Die finanzielle Förderung von Familien ist politisch von der Förderung der Ehe zu trennen. Schließlich werden Kinder nicht dadurch glücklich, weil die Eltern verheiratet sind oder nicht, sondern weil sie ihnen die bestmögliche Förderung zuteil werden lassen.

(Andreas Storr, NPD: Aber die Ehe ist eine Verantwortungsgemeinschaft!)

Die Entscheidung für oder der Verzicht auf Kinder gilt schließlich als eine höchstpersönliche Angelegenheit, und zwar zu Recht. Ich darf zitieren: „Jede bevölkerungspolitische Intention gerät sehr leicht in den Verdacht einer Instrumentalisierung der Individuen bzw. der Paare für staatspolitische Zwecke.“ – So der Soziologe FranzXaver Kaufmann in seinem Buch „Die schrumpfende Gesellschaft“.

Die Bundesrepublik hat vor allem in den alten Bundesländern in den letzten 20 Jahren hinsichtlich der Kinderbetreuung und des Kindertagesstättenausbaus einen Werte- und Bewusstseinswandel erlebt und damit endlich den Anschluss an westeuropäisches Niveau geschafft. Trotz der Einführung des Elterngeldes und trotz des bald geltenden Rechtsanspruches auf einen Krippenplatz können Eltern, rechtlich betrachtet, heute wählen, ob und wo sie ihr Kleinkind betreut haben wollen: zu Hause, in

der Kindertagespflege oder in einer Kinderkrippe. Die Behauptung der NPD, es herrsche ein Dogma der Fremdbetreuung, ist deshalb einfach Blödsinn. Im Gegenteil, es mangelt bundesweit und auch in Sachsen immer noch an Plätzen für die unter Dreijährigen, da viele Frauen nicht auf die Vereinbarkeit von Familie und Berufsleben verzichten wollen und weil Sachsen mit fast 50 % der Kinder in der Krippenbetreuung bereits bundesweit im vorderen Bereich liegt.

Ich komme zum Schluss. Dass alle Kinder, nicht zuletzt Einzelkinder, von dem Besuch einer Krippe profitieren, ist kein Geheimnis mehr. Mit dem Sächsischen Bildungsplan gelten einheitliche Standards für alle Kinder in der Kindertagesbetreuung. Den Kollegen von der NPD sei zum Schluss gesagt: Den Kindern von NPD-Mitgliedern bleibt auch und ganz besonders deshalb zu wünschen, dass sie möglichst oft und möglichst lange vom Besuch einer Krippe oder Kita profitieren können;

(Andreas Storr, NPD: Um genügend Rotlicht abzubekommen! – Jürgen Gansel, NPD: Rotlichtbestrahlung!)

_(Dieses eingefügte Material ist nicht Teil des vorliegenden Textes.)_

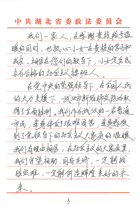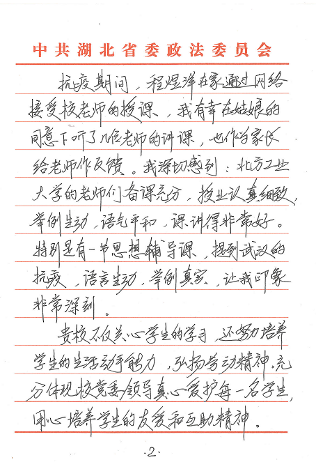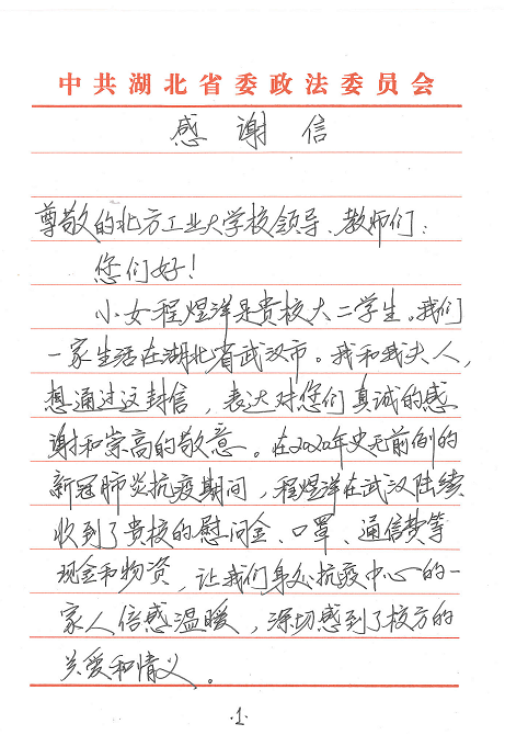 “小女程煜洋是贵校大二学生。我们一家生活在湖北省武汉市。我和我的夫人,想通过这封信,对您们表达真诚的感谢和崇高的敬意。在2020年史无前例的新冠肺炎抗疫期间,程煜洋陆续收到了贵校的慰问金、口罩、通信费等现金和物资,让我们身处抗疫中心的一家人倍感温暖,深切感到校方的关爱和情义……”。这是4月3日永利集团88304官网集团辅导员杨和家收到的一封来自通信18-3班程煜洋同学家长的感谢信,全文600余字,饱含了身处武汉抗疫中心的一家人对学校学院在疫情期间给予关心关爱的深切感激之情。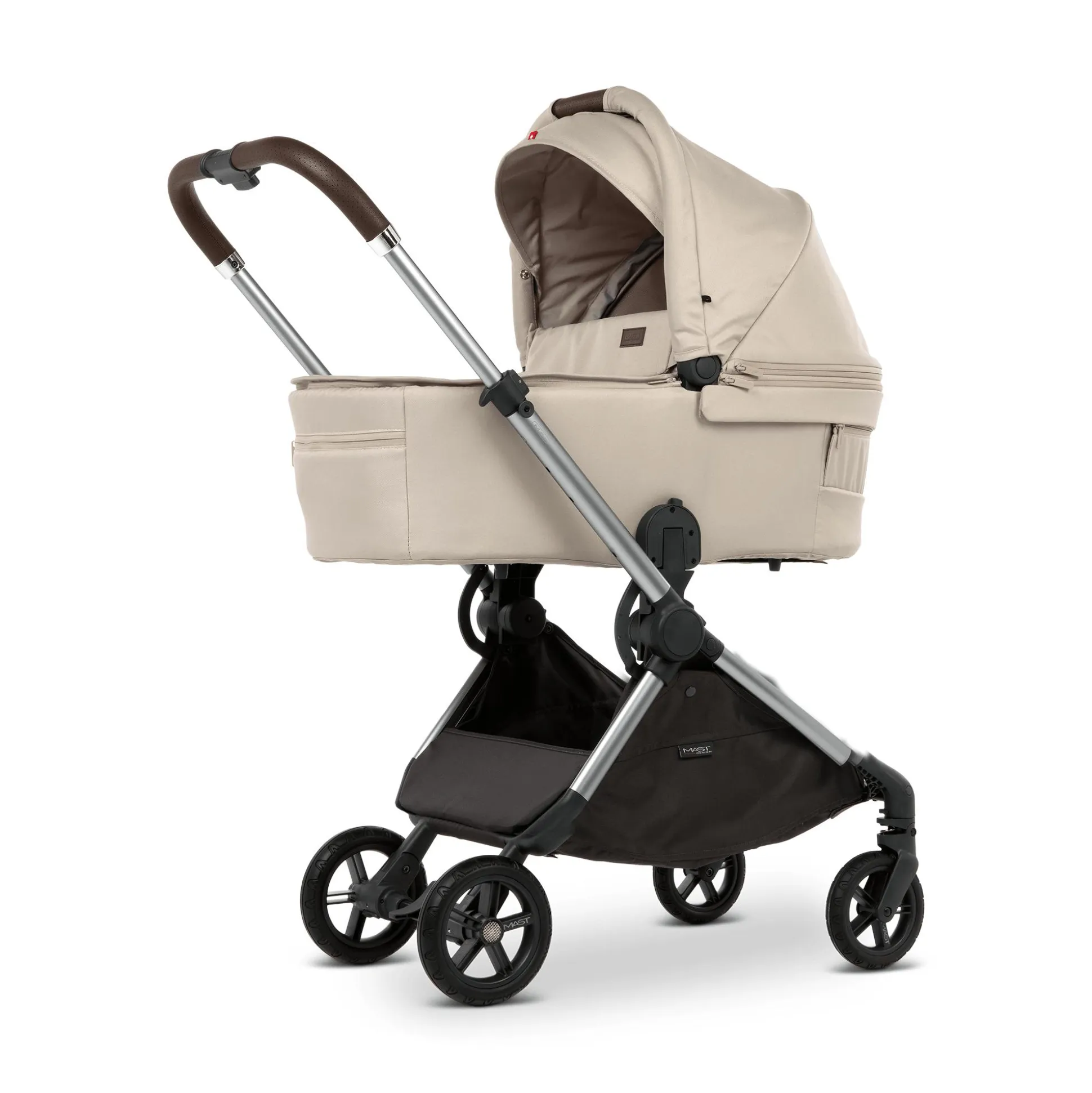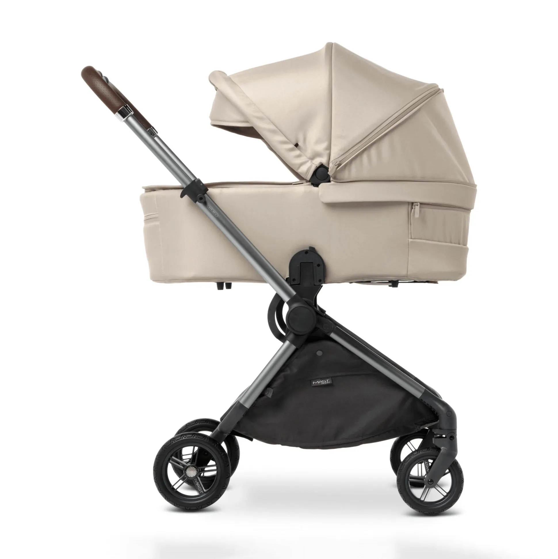 Die Babywanne M.6x von Mast ist die ideale Ergänzung für den Kinderwagen M.6x und bietet deinem Baby ab der Geburt bis zu einem Gewicht von ca. 9 kg oder einer Größe von ca. 76 cm einen sicheren und bequemen Rückzugsort. Dank des integrierten UV-Schutzes und dem großen, verstellbaren Sonnendach ist dein kleiner Liebling bestens vor Sonne und Wind geschützt – ideal für entspannte Spaziergänge bei jedem Wetter.

denn in diesen Einrichtungen können nämlich auch Kinder von NPD-Mitgliedern unter dem Schwerpunkt „Soziales Lernen“ Kompetenzen erwerben, die in braun gefärbten Elternhäusern keine Selbstverständlichkeit sein dürften, als da sind: gewaltfreie Konfliktbewältigung, Toleranz, Weltoffenheit und demokratisches Handeln.

Vielen Dank.

(Beifall bei der LINKEN, der SPD, der FDP und den GRÜNEN)

Meine Damen und Herren Abgeordneten! Ich frage, ob noch ein Abgeordneter in der ersten Runde das Wort ergreifen möchte. – Dies ist nicht der Fall. Mir liegt noch eine Wortmeldung in der zweiten Runde der allgemeinen Aussprache vor; Herr Apfel für die NPD-Fraktion.

Herr Präsident! Meine Damen und Herren! Es lohnt sich nicht sonderlich, auf die Ausführungen meiner Vorrednerin einzugehen. Nur so viel vielleicht, Frau Schütz: Sie sollten sich zumindest schon mit dem Antragstext auseinandersetzen und sich insbesondere vergegenwärtigen, dass wir von der Wahlfreiheit der Eltern gesprochen haben, die es sicherzustellen gilt; und ja, es soll durchaus in diesem Lande noch Frauen geben, die ihr Kind eben nicht einfach in eine Krippe abschieben wollen, die noch Verantwortungsbewusstsein für ihre Kinder verspüren und nicht einfach ihrem egoistischen Selbstverwirklichungswahnsinn nacheifern wollen, wie dies bei manchen linken Kampfemanzen der Fall sein mag, meine Damen und Herren.